To me going out and shooting half tame birds planted by the state isn't hunting. I long for the good ole days when we could go out and actually hunt wild birds.


----------



## caseyroo

Kinda like catching trout as they are poured out of the hatchery truck


----------



## longhaulpointer

Some of us still hunt wild ohio birds. Went out and put up 10 or so pheasants and several woodies. Only had 1 shot at a rooster and missed. My buddies had opportunities at 2 other roosters and missed. Some were runners and 1 was pointed in weeds 9 ft tall that flushed with out being seen, heard the cackles. Overall a good day on wild ohio pheasant. Put up 6 roosters between 3 guys and 3 dogs along w several hens and woodcock.
I agree on the release birds. I have a pond in my back yard that I never fish, I prefer the LMR which is right down the rd, even if I get skunked. I guess I could hit up cc which is a 10 min drive, but a wild bird is worth a season full of released birds.


----------



## 9Left

yea... my BIL and his buddies make a weeklong trip to south Dakota every year to pheasant hunt... Im not sure if those birds are stocked, but they literally shoot 100 birds in a few days time. 
Last year i was invited to an ohio pheasant farm on a hunt with some guys...I watched the people running the farm plant the birds before we " hunted"... The dogs just went straight to the birds and we shot 'em... didnt seem like much of a hunt...


----------



## STRONGPERSUADER

robertj298 said:


> To me going out and shooting half tame birds planted by the state isn't hunting. I long for the good ole days when we could go out and actually hunt wild birds.

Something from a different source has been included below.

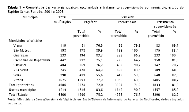 Objetivo: analisar a completude dos dados do Programa de Controle da Tuberculose no Sistema de Informação de Agravos de Notificação do Estado do Espírito Santo no período de 2001 a 2005. Métodos: estudo descritivo de análise de dados secundários. As variáveis estudadas foram: raça/cor, escolaridade, tratamento supervisionado, encerramento de cultura de escarro, situação de HIV, baciloscopia de 6º mês e situação de encerramento. Resultados: Utilizando-se os parâmetros técnicos do Sistema de Informação de Agravos de Notificação do Ministério da Saúde que dizem respeito ao percentual de preenchimento dos campos das fichas de notificação, o banco de dados sobre tuberculose no estado do Espírito Santo pode ser considerado de regular a excelente. Há no estado do Espírito Santo 78 municípios, dos quais 8 são prioritários no controle da tuberculose. Os municípios não prioritários apresentaram maior completude do que os prioritários em relação às variáveis estudadas, exceto na situação de encerramento, com percentual idêntico de preenchimento. Conclusões: Os municípios prioritários são responsáveis por 70,2% do total de notificações, devendo, portanto, melhorar a qualidade dos registros em relação ao preenchimento dos campos e à atualização dos dados, primordiais para a confiabilidade da análise epidemiológica. Isto possibilitará o planejamento de ações de prevenção e controle da tuberculose no estado.

I remember the days 35-40 yrs ago kicking up wild birds while rabbit hunting, or just hunting them period. Those days have been gone unfortunately along with the habitat and planted birds is all we have left for the weekend warriors. For me, it's not so much shooting them as it gives us the opportunity to watch the dogs or an eager pup get some work and I can watch that all day long. I'm going to get out to Kansas or the Dakotas one of these days. Like stated, that would be an awesome hunt.


----------



## Misdirection

9Left said:


> yea... my BIL and his buddies make a weeklong trip to south Dakota every year to pheasant hunt... Im not sure if those birds are stocked, but they literally shoot 100 birds in a few days time.
> Last year i was invited to an ohio pheasant farm on a hunt with some guys...I watched the people running the farm plant the birds before we " hunted"... The dogs just went straight to the birds and we shot 'em... didnt seem like much of a hunt...

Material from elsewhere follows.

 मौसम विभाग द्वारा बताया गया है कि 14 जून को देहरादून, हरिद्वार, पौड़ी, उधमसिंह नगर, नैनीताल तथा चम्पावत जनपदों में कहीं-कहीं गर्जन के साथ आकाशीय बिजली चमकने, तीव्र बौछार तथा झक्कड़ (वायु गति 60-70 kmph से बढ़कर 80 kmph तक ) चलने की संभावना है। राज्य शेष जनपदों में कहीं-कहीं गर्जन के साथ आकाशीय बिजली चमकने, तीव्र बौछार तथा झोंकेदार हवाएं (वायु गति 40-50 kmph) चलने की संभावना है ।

In North Dakota where I go, it is 100% natural population. My shorthairs love it up there!


----------



## Whaler

Pheasant hunting in our area is actually shooting but when there aren't any or very few wild birds this is all some hunters have to look forward to. The good ole days are gone around here so I say more power to guys and gals who wish to get a shot at a bird. Besides that, hunters pay for a license so they may as well get as much out of it as they can. It's a lot more fun than buying a chicken at the grocery store too. Most people I know can't afford to go to the Dakotas for pheasants so they hunt what is available for them here.


----------



## garhtr

Give those leftover roosters a few weeks and they can get pretty wild , some become almost impossible to flush. A beagle is a good choice on those that prefer to run ---- if you can keep up 
Good luck and Good Hunting !


----------



## longhaulpointer

Some make it through the slaughter, ive seen them in Fallsville cackling while walking back to some old farm ponds in august


----------



## beaver

Some are actually still able to breed and survive in areas. I've seen entire broods of chick's in orient while patrolling the prison farms, and we routinely flush hens in certain areas. According to the ODNR, they only release roosters. If that's the case, they're is an actual wild population in certain areas, or someone else has been releasing a lot of birds.


----------



## bdawg

I agree that hunting stocked birds is just stupid and a waste of money for odnr to stock them. They shoud be stocking wild birds to reestablish the population. 

I would love to hunt some wild ones. I hunted some stocked ones on friday. We flushed one. Missed the shot. Followed to where it landed and found it in the middle of the main path just standing there 40yds away. We shot twice at it. The shots were 10 seconds apart. It didn't even move after the first shot! After the 2nd shot it flew up 2 feet then came down and ran down the path away from us. We jogged after it and it stopped. We got within 40yds again and fired 2 more shots. It finally ran off the trail and stopped 10yds away. In open woods where we finished it off. That stupid bird gave us 7 shots at it. Not real hunting right there. It had many chances to hide in the brush.


----------



## STRONGPERSUADER

I wish they could stock wild pheasant but it's the lack of Ohio habitat as to why they don't thrive. They aren't as hearty as say wild turkey, they can't adapt to different environments like turkey can hence huge pheasant pops in Kansas and the Dakotas. If we had hunting access to every available acre in Ohio then yea, we would see some native wild birds but that ain't happening. Those days are gone too. There is always MI and PA grouse which Iam seriously going to start to consider more often.


----------



## T-180

I have to ask ; how many people hoping for better wild populations are members of Pheasants or Quail Forever, or a game club that works on habitat projects?? Those groups work extremely hard to improve & expand habitat and are available to consult with landowners who are interested. I have had some dealings with PF & was really impressed with their passion & the resources to help. Check into it if you are interested.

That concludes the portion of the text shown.